Comparing k-means and OPTICS clustering algorithms for identifying vowel categories
Grabowski, Emily and Kuo, Jennifer. (2023). Comparing k-means and OPTICS clustering algorithms for identifying vowel categories. Proceedings of the LSA 2023, (8)1, 5488.https://doi.org/10.3765/plsa.v8i1.5488.PDF
Abstract: The K-means algorithm is the most commonly used clustering method for phonetic vowel description but has some properties that may be sub-optimal for rep- resenting phonetic data. This study compares K-means with an alternative algorithm, OPTICS, in two speech styles (lab vs. conversational) in English to test whether OP- TICS is a viable alternative to K-means for characterizing vowel spaces. We find that with noisier data, OPTICS identifies clusters that more accurately represent the underlying data. Our results highlight the importance of choosing an algorithm whose assumptions are in line with the phonetic data being considered.

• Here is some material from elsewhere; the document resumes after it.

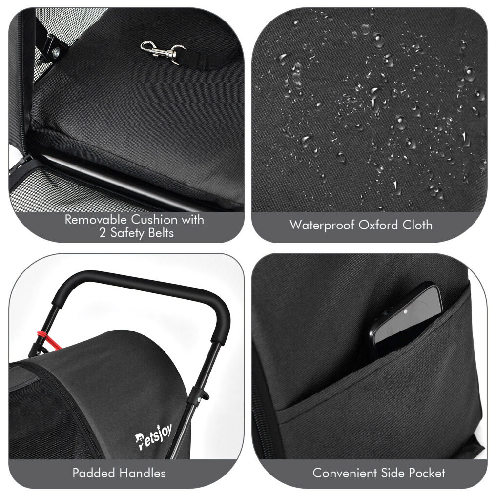 Safe & Smooth Travelling: The folding pet stroller has two safety belts inside each tier to prevent your pet from running out. What's more, the folding pet stroller has 4 shock-absorbing EVA wheels that allow your beloved pet to enjoy a restful sleep even on rough terrain. 2 of them are 360° swivel wheels to keep flexible mobility, and 2 are lockable wheels with brakes to ensure that the stroller is parked in a safe place.

Try it out! You can visit our interactive shiny app to test out K-means and OPTICS on different parameter settings.
Preview of the results: The figure below visualizes the distribution of cardinal in conversational speech data (Buckeye Corpus; Pitt et al. 2005). The lefthand figure shows hand-labeled vowel categories, while the middle and righthand figures show clusters found by K-means and OPTICS respectively. Visual inspection of these figures suggest that K-means tends to partition the data into evenly sized clusters. In contrasts, OPTICS finds more meaningful generalizations in the data; it also excludes many points as noise, which may or may not be beneficial depending on the analyst’s goals.